In closing this appeal, I have only further to add, that we are all but confident of public support. We have brought forth revelations of the state of the poor, which will be new to many. If any of these read this appeal, their ignorance cannot henceforth excuse their apathy. Such schools, in smaller or greater numbers, are needed in many towns. We hope to see Christians of all denominations, and politicians of all parties, throughout the country as well as in Edinburgh, putting forth cordial and combined efforts to establish and extend Ragged Schools. Though, for the sake of the perishing, we may regret the defects and inadequacy of this appeal, we will never regret that it has been made. It were better far in such a cause to fail, than to stand idly by and see the castaway perish.

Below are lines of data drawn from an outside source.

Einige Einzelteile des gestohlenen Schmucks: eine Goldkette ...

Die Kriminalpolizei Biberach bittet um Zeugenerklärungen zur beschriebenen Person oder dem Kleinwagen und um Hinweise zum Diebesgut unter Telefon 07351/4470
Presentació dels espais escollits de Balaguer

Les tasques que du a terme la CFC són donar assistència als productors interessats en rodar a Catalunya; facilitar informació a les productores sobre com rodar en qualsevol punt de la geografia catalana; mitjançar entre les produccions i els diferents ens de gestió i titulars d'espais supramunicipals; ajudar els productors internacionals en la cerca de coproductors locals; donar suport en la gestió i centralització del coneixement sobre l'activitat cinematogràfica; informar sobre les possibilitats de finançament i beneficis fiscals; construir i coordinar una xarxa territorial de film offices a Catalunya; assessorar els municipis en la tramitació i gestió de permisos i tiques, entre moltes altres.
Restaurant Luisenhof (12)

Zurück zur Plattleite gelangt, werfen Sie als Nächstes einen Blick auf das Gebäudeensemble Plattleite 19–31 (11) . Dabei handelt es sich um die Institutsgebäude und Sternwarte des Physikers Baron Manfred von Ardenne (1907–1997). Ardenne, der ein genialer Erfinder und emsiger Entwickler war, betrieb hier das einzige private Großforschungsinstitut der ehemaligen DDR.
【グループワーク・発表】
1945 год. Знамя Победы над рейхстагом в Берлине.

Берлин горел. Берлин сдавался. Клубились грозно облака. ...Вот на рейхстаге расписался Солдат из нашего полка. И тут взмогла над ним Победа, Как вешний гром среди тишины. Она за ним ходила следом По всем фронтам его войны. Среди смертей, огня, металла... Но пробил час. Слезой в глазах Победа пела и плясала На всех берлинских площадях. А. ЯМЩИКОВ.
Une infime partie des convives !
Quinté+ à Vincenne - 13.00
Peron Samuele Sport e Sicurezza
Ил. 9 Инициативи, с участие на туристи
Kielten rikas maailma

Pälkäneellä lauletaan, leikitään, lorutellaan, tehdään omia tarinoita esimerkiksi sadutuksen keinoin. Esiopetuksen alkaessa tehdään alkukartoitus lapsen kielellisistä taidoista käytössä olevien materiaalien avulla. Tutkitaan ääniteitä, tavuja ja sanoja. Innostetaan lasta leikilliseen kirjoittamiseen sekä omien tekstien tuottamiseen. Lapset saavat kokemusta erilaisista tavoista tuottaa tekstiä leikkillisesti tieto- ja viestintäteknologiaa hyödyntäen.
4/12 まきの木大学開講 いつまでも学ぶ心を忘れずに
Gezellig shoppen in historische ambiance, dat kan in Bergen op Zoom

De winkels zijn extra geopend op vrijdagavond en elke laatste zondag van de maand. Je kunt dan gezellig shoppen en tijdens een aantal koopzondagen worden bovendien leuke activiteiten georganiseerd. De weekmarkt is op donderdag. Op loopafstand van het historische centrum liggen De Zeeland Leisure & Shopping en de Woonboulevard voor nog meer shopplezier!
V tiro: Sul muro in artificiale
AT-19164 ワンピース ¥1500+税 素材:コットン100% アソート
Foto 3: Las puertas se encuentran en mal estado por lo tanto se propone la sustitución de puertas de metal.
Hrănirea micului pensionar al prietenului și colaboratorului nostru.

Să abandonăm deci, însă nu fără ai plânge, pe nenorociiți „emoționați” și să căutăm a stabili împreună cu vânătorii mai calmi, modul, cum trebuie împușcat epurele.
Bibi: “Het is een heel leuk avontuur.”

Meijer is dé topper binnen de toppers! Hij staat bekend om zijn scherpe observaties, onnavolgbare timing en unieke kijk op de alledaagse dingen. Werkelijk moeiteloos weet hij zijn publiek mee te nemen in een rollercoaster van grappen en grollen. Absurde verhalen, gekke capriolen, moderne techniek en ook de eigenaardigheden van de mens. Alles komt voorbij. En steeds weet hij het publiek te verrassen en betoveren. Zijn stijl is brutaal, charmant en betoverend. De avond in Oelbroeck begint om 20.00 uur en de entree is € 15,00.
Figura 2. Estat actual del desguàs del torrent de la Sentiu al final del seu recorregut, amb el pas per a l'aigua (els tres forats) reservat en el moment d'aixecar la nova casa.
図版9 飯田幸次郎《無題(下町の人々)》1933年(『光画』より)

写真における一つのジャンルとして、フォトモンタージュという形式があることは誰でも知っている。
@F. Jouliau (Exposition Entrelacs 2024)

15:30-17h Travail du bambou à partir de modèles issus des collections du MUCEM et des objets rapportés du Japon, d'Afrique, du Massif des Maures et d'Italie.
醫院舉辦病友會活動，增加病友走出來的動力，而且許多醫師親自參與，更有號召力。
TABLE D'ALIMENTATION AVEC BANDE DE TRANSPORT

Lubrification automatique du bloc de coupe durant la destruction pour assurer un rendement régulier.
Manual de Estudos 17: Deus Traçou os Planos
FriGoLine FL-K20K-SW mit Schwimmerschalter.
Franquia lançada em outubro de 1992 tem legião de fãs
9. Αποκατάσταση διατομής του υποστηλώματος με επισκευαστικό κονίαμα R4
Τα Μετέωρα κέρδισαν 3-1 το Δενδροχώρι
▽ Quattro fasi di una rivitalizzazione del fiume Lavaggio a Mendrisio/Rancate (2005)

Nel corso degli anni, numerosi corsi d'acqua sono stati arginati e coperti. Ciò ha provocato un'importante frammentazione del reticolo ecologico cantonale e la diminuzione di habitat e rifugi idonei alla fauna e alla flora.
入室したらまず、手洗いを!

If the drowning man sinks before we reach him, it will be some consolation to reflect that we did our best to save him. Though we bore home but the dead body of her boy, we should earn a mother’s gratitude and blessing. We had tried to save him: and from that blessed One who made Himself poor that He might make us rich, -who was full of compassion, kind and patient to the bad, - and who hath set us an example that we should follow His steps, - we shall at least earn this approving sentence, “They have done what they could.”